● DATA SECTION:

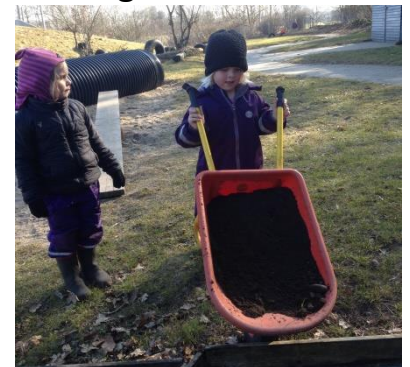
Så fik vi kørt nyt muld, (hentet fra muldvarpeskud) på og revet det pænt, så der er klar til at blive plantet.
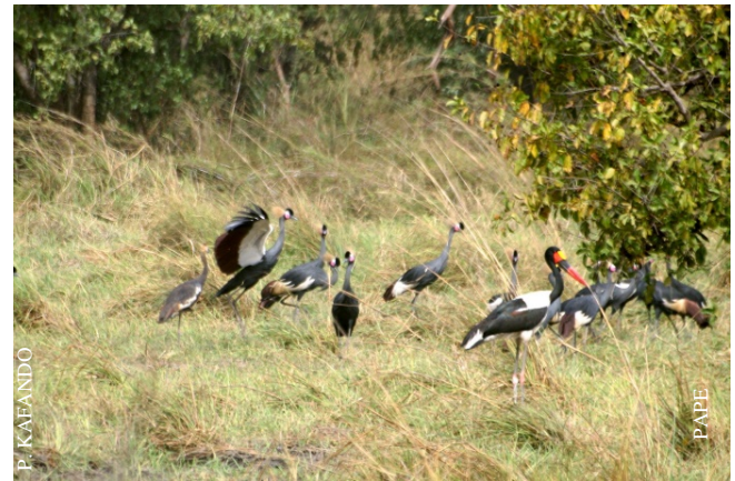
Association de Grues et Jabiru

le parc ait son acte de naissance. Il n'est jamais tard pour bien faire et il était temps.

● PROBLEM TO WORK ON:
Write the listing out in full, exactly; no images.

● FINAL ANSWER:
Så fik vi kørt nyt muld, (hentet fra muldvarpeskud) på og revet det pænt, så der er klar til at blive plantet.
Association de Grues et Jabiru

le parc ait son acte de naissance. Il n'est jamais tard pour bien faire et il était temps.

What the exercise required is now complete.